→ Task objective:
Look at each line of the listing. Copy those that hold the string "Alza".

→ Material for this task:
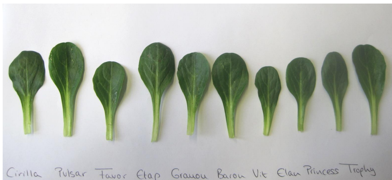
Abb.3: Einzelblätter der zehn verschiedenen Feldsalatsorten im Vergleich.
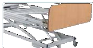
Alza gambe manuale a guide dentate.

Alza gambe: potete scegliere fra varie versioni di alza gambe.
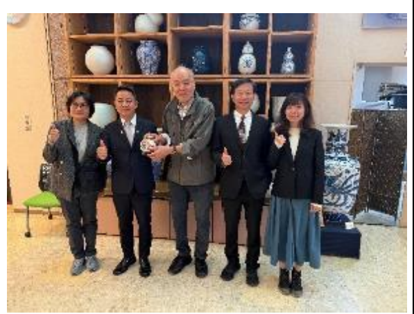
區長同團員致贈鶯歌陶瓷予千山窯
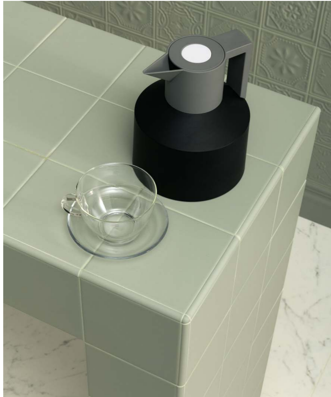
15X15 / 5,9"X5,9" SOFFIO SALVIA - STUBE - COPRIFILO 1X15 / 0,4"X5,9" + ANGOLO
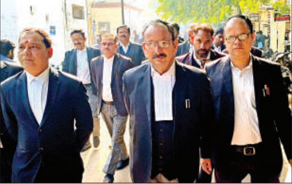
जिलाधिकारी से मिलने जाने अधिवक्ता ।

वकीलों ने कहा कि उपरोक्त अधिकारी के समक्ष कर्मकार क्षतिपूर्ति सम्बन्धी पत्रावलिया विचाराधीन चल रही हैं। उक्त पत्रावलियों में आदेश पारित करने के
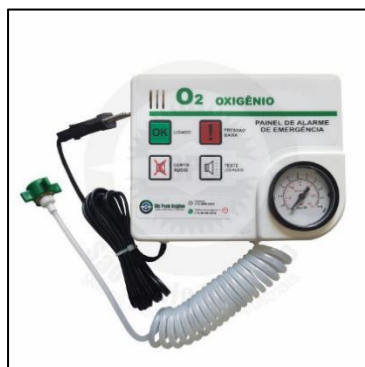
Figura 24 – Legenda do painel de alarme de emergência indicado em projeto
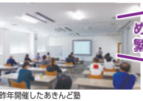
昨年開催したあきんど塾

市では、新型コロナウイルスウィルス感染症の影響でお困りの市内の中小・小規模事業者を対象に、支援策の活用やさまざまな経営相談について専門家に係る相談窓口を開設しています。月曜日には会社などを訪問する出張相談もあります。 時月曜日～金曜日 9時～12時30分・13時30分～17時30分（1社60分程度）※出張相談は月曜日（祝休日を除く）。 【所】市役所本庁舎14階 【甲】基本事項（10面に掲載）と希望日時を希望日の前日16時まで電話または市ウェブサイト申込みフォームで※複数 309）3846 06（4309）3176、FAX06（4309）3846 【甲】産業総務課
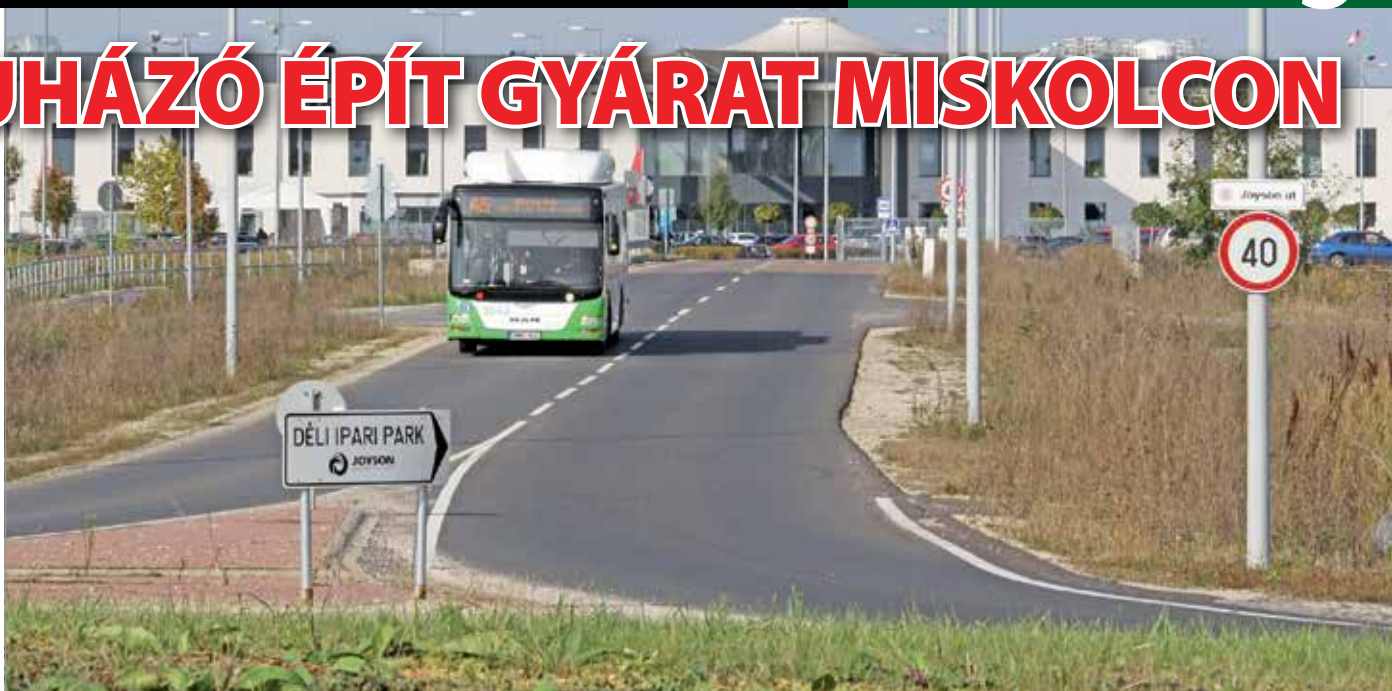
Hogy pontosan hol épülne fel az új gyár, arról egyelőre nincsenek információk.
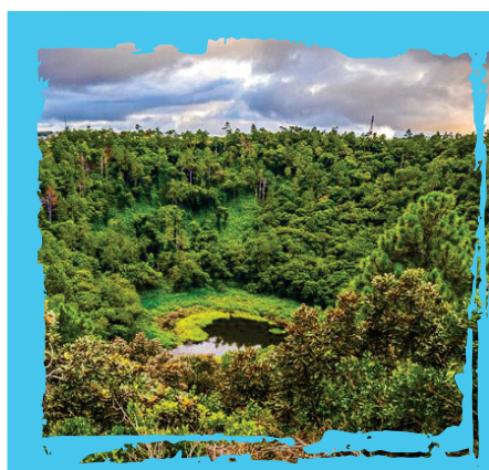
Trou aux cerfs
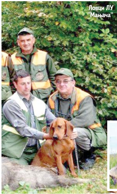
Ловци ЛУ "Мањача"
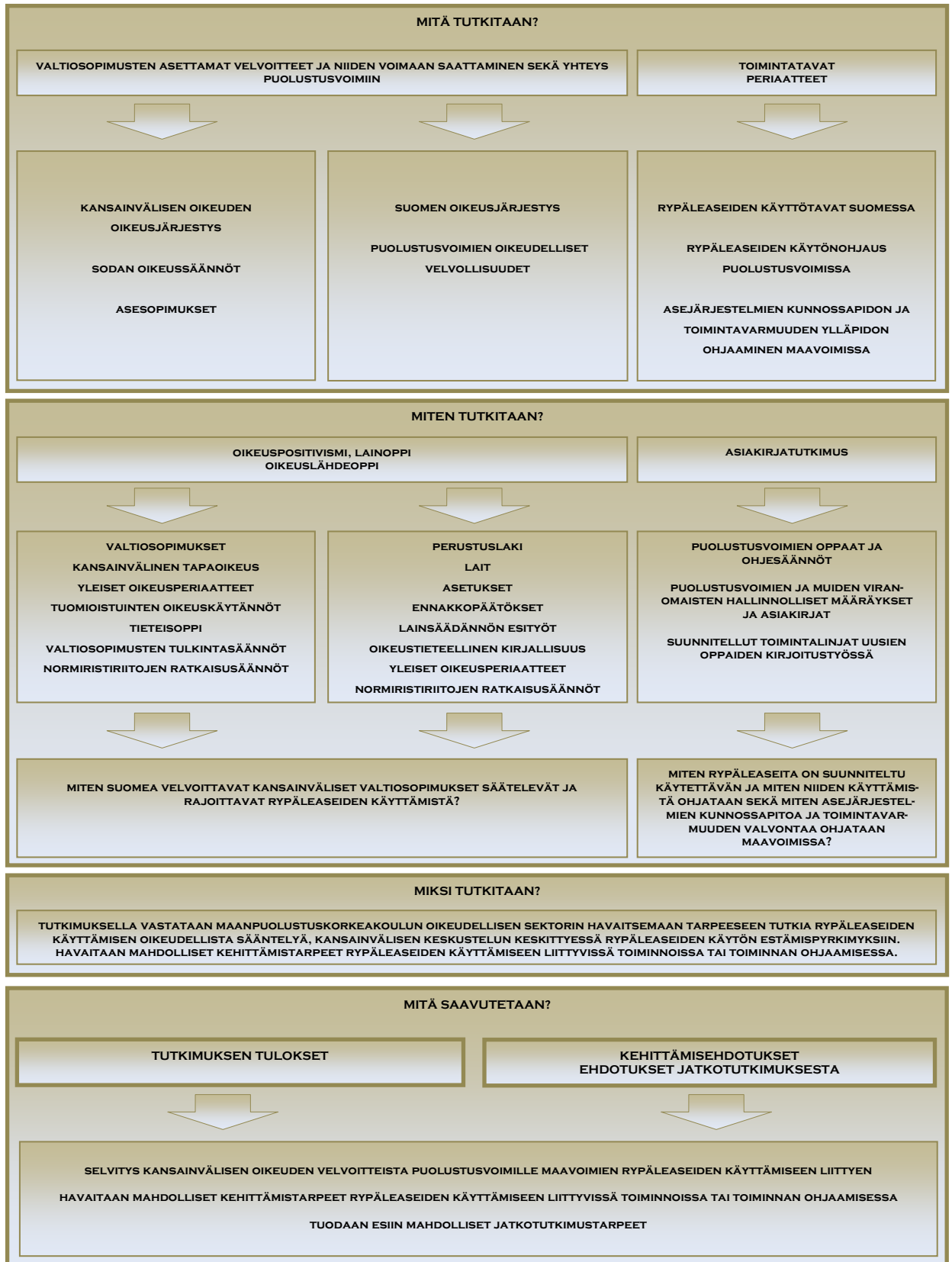
Kuva 2. Tutkimuksen päättelyketju
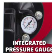
INTEGRATED PRESSURE GAUGE
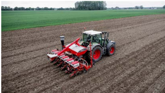
Semoir Optima V SX

Le semoir ts-drill Kverneland est capable d'affiner le lit de semences et de déposer la graine avec précision grâce à la vibration de sa dent au travail. Il bénéficie d'une trémie grande capacité de 1700 litres. Le ts-drill nécessite une faible puissance de traction malgré sa largeur de travail pouvant atteindre jusqu'à 6 m.
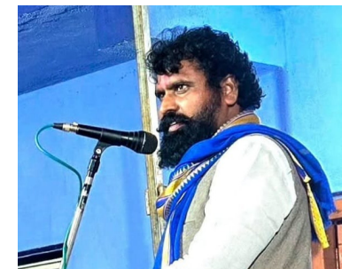
आयोजन करण्यात आले आहे. सामाजिक, शैक्षणिक व आरक्षण विषयक विविध मुद्द्यांवर या परिषदेत सखोल चर्चा होणार असून राज्यभरातील अनेक मान्यवर उपस्थित राहणार आहेत.
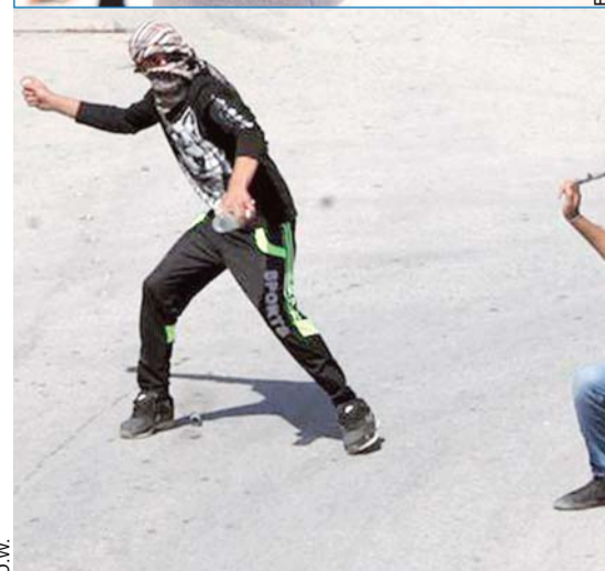
LOS DISTURBIOS Y ATAQUES CONTINUARON AYER EN ISRAEL Y PALESTINA, CON ENFRENTAMIENTOS EN MANIFESTANTES Y POLICÍAS.

y se saldó con la muerte del agresor, que había resultado en un principio herido crítico por disparos de fuerzas de seguridad israelíes, informó la Policía local.
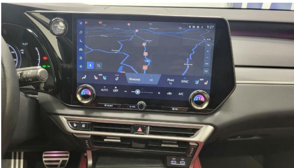
Fot. 29. Konsola środkowa
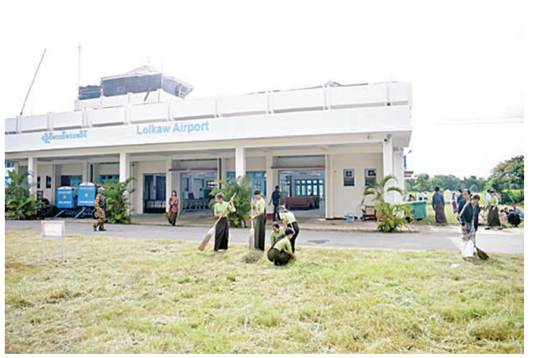
လွိုင်ကော်လေယာဉ်ကွင်းအတွင်း စုပေါင်းသန့်ရှင်းရေးဆောင်ရွက်နေမှုကို တွေ့ရစဉ်။

→ Answer for this exercise:
Alza gambe manuale a guide dentate.
Alza gambe: potete scegliere fra varie versioni di alza gambe.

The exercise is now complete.